Saalin draged Ava to a spot behind an overturned table, using his wand of Cure Light Wounds to revive the servant, her wounds closing in an instant.

Drue's song filled the half of the room not engulfed in a _Silence_ spell, as his mind worked to comprehend what they were truly up against. _This wan't good._

Oswin stepped into the room to face the free creature, but he didn't come close to hitting it.

Lord Alistair pulled a small rod from a pouch on his belt, and spoke with pure conviction at his attackers. "We are servants of the Silver Flame, fiend. Sworn to fight evil in alll of its forms. The Voice of the Flame is the voice of Justice." He said, and the two armed creatures recoilled from his voice, the unbound one visibly wounded by the catechism that Alistair spoke. (used a metamagic rod on a Castigate spell; one made his SR check, one made his save, one got the full blast)

Hariel stepped in, joining Oswin in bracketing the free creature, and unlike the paladin, she was successful. Indeed, the tiger-humanoid seemed shocked that her blade parted his defenses, and added another deep wound to the creature. Even so, that did not stop it from avoiding Dain's fists.

Not surprisingly, the creature focused on Hariel, but perhaps its injuries slowed it as she stepped out of the way of two slashes from its bastard sword -- and a bite. And then his fellows broke free.

"You must have a weapon with a point and infused with the power of Good to harm them easily." Kahlia said. "The unarmed rakshasa is certainly a sorcerer." (She is using the Dark Knowledge (tactics) ability of the Archivist class here, to give all of you a +2 unnamed bonus to hit rakshasas for the next minute; this stacks with Drue's Inspire Courage.)
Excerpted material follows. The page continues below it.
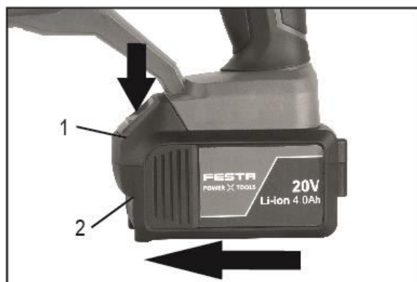
1. Tlačítko 2. Baterie

(OOC: Hariel and Saalin have good-aligned piercing weapons on them. I think that's it.)


----------



## stonegod (Oct 26, 2005)

Saalin will drop his wand of _cure light_ (which, in hindsight, should be tethered to his robes) while drawing his raiper (move action); he will then cast _shield_ for +4 AC. All of this is behind the cover of the table.


----------



## wabinder (Oct 26, 2005)

Not having anything with a point to fight with except his daggers, Dain will continue using his fists and feet in unarmed combat.


----------



## Anax (Oct 26, 2005)

Hariel looks around for the most effective way to attack the sorcerer:

If she is very close, she nimbly disengages with her current opponent and adjusts position to make a devastating attack on the sorcerer.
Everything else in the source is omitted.